Top of RECORDS TO USE

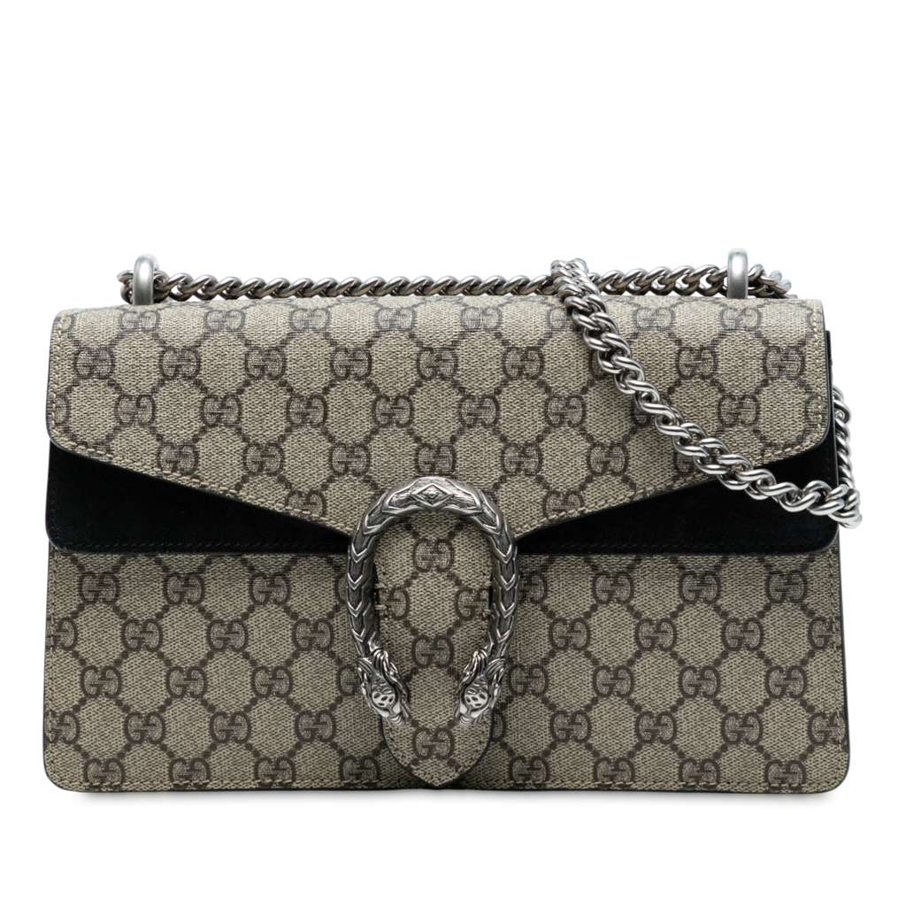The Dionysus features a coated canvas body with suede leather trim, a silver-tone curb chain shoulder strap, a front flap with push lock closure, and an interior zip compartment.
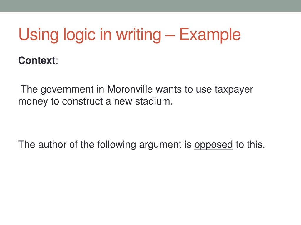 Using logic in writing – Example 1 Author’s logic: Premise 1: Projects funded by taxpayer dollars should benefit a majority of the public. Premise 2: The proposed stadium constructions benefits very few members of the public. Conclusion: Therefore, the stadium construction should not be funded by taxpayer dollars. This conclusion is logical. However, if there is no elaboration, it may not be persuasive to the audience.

Bottom of RECORDS TO USE
Top of RECORDS TO USE

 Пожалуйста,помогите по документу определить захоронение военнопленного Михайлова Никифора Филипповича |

Bottom of RECORDS TO USE
Top of RECORDS TO USE

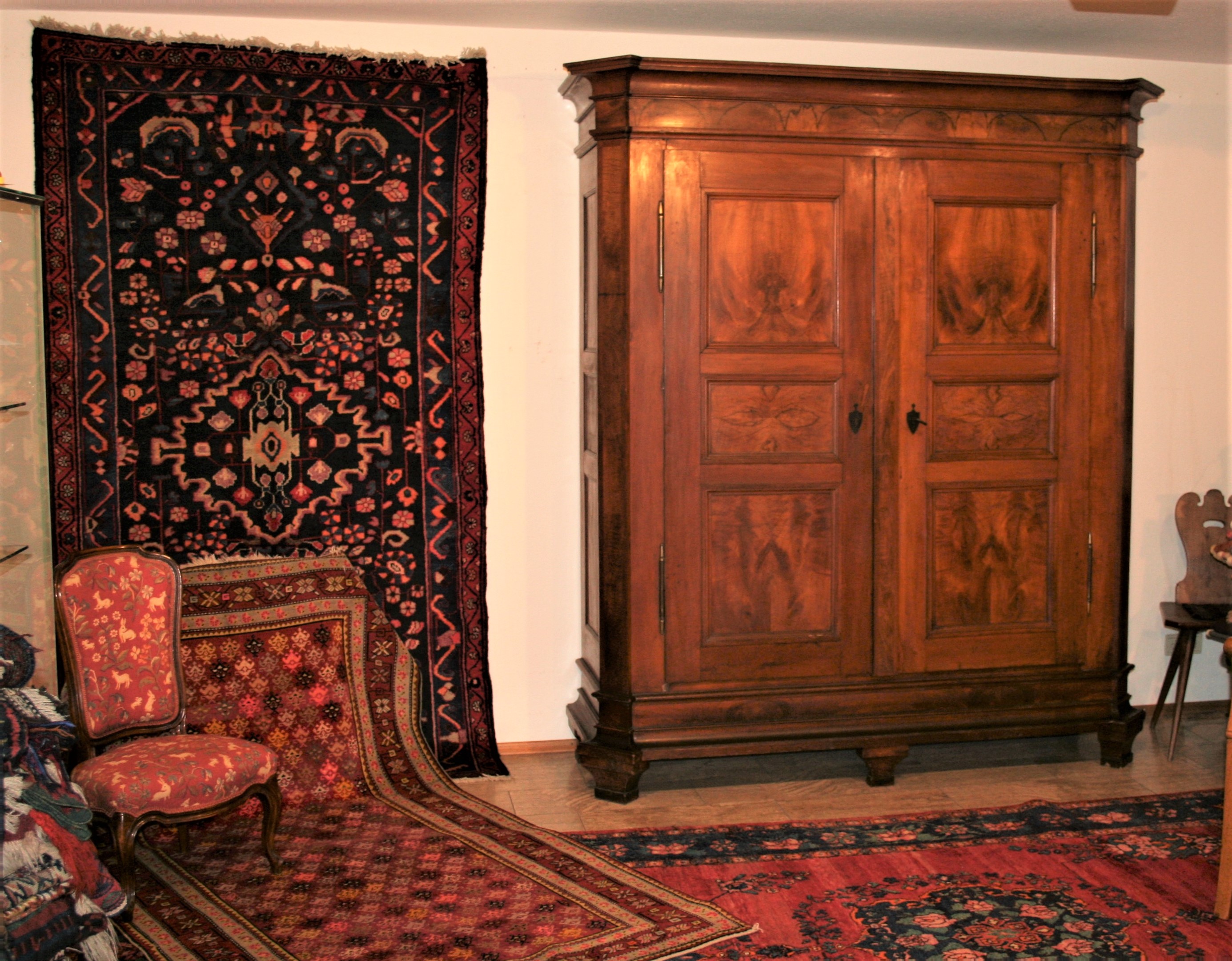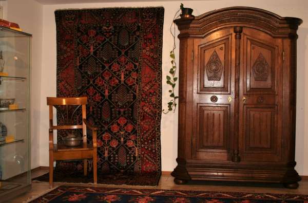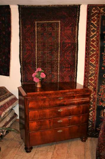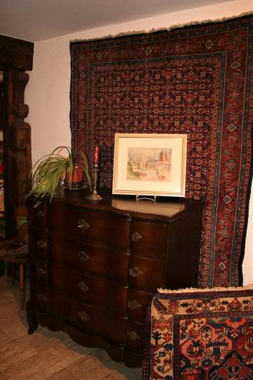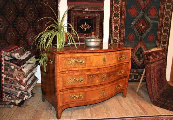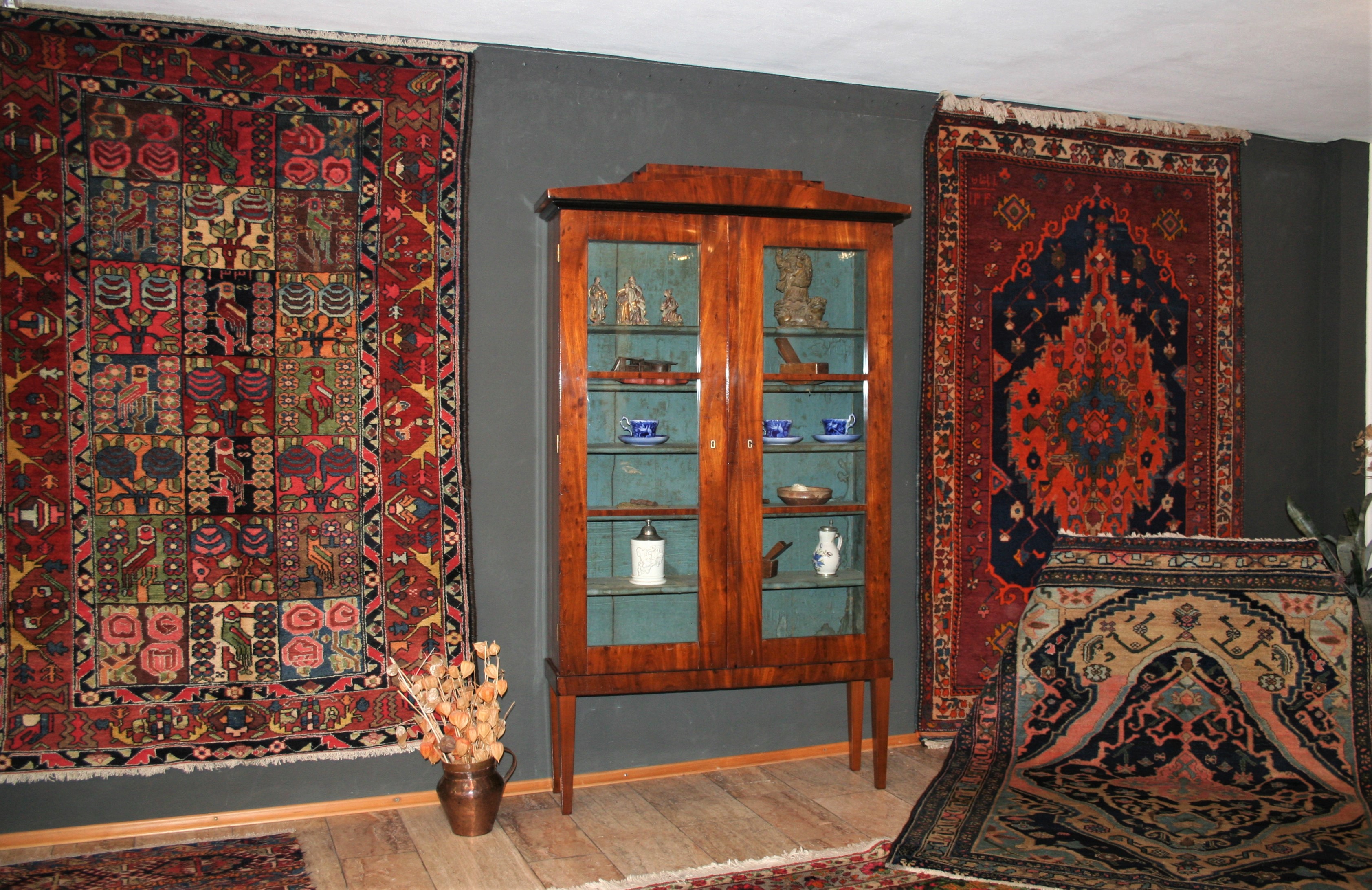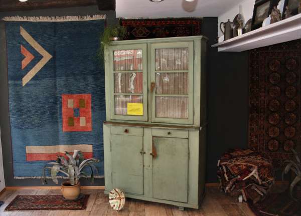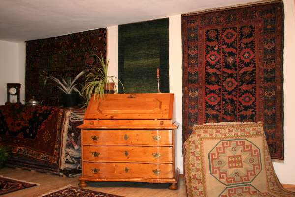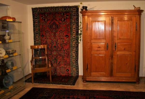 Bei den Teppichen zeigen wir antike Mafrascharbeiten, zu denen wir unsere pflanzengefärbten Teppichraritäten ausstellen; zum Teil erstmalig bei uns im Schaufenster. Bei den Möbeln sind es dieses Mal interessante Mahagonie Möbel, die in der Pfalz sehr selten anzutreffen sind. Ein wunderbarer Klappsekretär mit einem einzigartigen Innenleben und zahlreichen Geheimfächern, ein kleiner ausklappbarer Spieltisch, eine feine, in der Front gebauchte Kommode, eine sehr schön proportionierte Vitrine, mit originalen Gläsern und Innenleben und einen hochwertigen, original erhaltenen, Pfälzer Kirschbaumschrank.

Bottom of RECORDS TO USE

## WORK INSTRUCTION
Transcribe only the lines above that start at the line containing "The Dionysus features" and end at the line containing "Using logic in". Omit pictures.

## RESPONSE BOX
The Dionysus features a coated canvas body with suede leather trim, a silver-tone curb chain shoulder strap, a front flap with push lock closure, and an interior zip compartment.
 Using logic in writing – Example 1 Author’s logic: Premise 1: Projects funded by taxpayer dollars should benefit a majority of the public. Premise 2: The proposed stadium constructions benefits very few members of the public. Conclusion: Therefore, the stadium construction should not be funded by taxpayer dollars. This conclusion is logical. However, if there is no elaboration, it may not be persuasive to the audience.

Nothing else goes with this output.